Although the trope is screaming “Don’t go in there!” or “Look behind you!” in a horror movie, at some point in Swallow, you will feel physically compelled to shout “Do not put that in your mouth!” For the second time inside of a month, a sleek flick written and directed by a dude dabbles in feminism. Much like Invisible Man, the thesis of Swallow is uber-explicit and overwhelmingly on-the-nose.
Together, the two films feel like being in a creative writing class with young bros who have just had the “woke” realization that “women are, like, people too, you know?” Is this progress? If it is, let’s hope “step two” is actually letting women write and direct gorgeous parables about marital oppression and the haunting horror of sexual assault.
In case it was buried in the previous sentence, writer/director Carlo Mirabella-Davis’s film is a gorgeous parable. Swallow is buoyed by a brilliantly delicate performance from Haley Bennett, who resembles a hybrid of Michelle Williams and Jennifer Lawrence and may be as (or more) talented than both. She plays Hunter, a former toiletry saleswoman now unhappily married to a wealthy young douchebag. If you needed proof of that whole “on-the-nose” thing, her husband’s name is “Rich-ie.”
Hunter is smothered by the expectations of her in-laws. When she finds out she’s pregnant, she develops pica. That is a very real condition in which people are compelled to eat things that you very much, absolutely should not eat. When she first puts a marble in her mouth, things get uncomfortable. Within a few minutes, you will be longing for the time when someone ingesting a marble made you uncomfortable. As she grapples with the quiet, muted monstrosity of her abusive domestic cage, revelations about her past emerge, leading to a third act that is definitely going to make folks squirm.

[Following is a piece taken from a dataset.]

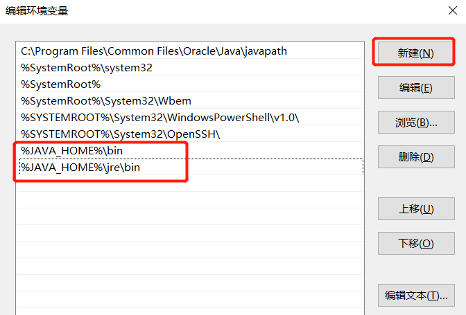 ②新建变量名CLASSPATH,变量值:;%JAVA_HOME%\bin;%JAVA_HOME%\jre\bin
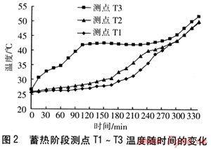 工作電壓為8V,余熱熱源溫度為32℃時(shí),蓄熱階段測點(diǎn)T1~T3溫度隨時(shí)間的變化見圖2。由圖2可知,在蓄熱開始時(shí)期,測點(diǎn)T3處的石蠟吸收熱量后溫度有明顯的升高。在達(dá)到相變溫度(35℃)前,石蠟主要呈固態(tài),石蠟從熱管壁吸收的熱量主要用于其自身溫度的提高,以顯熱的形式儲(chǔ)熱。

Awash in clean lines and crisp colors, Swallow looks like a Mad Men set designer was asked to envision present day. Fittingly, that also points to the complicated part, as the themes sure feel like a 1960s understanding of sex- and gender-based issues. The first two acts have a strange, hazy feel to them, while the final act goes for a literal plot resolution. Although weirder would have been better, if only because Bennett is spectacular the more room she’s given to roam, the conclusion feels somewhat “brave,” if only with a lower-case “b.”
Anyone who hears that Swallow is a feminist thriller about a woman who eats strange objects and thinks “I should check that out” is almost certainly going to be satisfied. That is, they’ll be satisfied with the movie, and wholly uncomfortable with what Hunter done ate. Although undeniably better when women are given the space to tell stories of abuse, remedial anti-sexism is still anti-sexism. More than anything, you should see Swallow because Bennett absolutely, positively deserves to be an A-list actress. Whatever ScarJo was being penciled in for next, kick it her way, okay?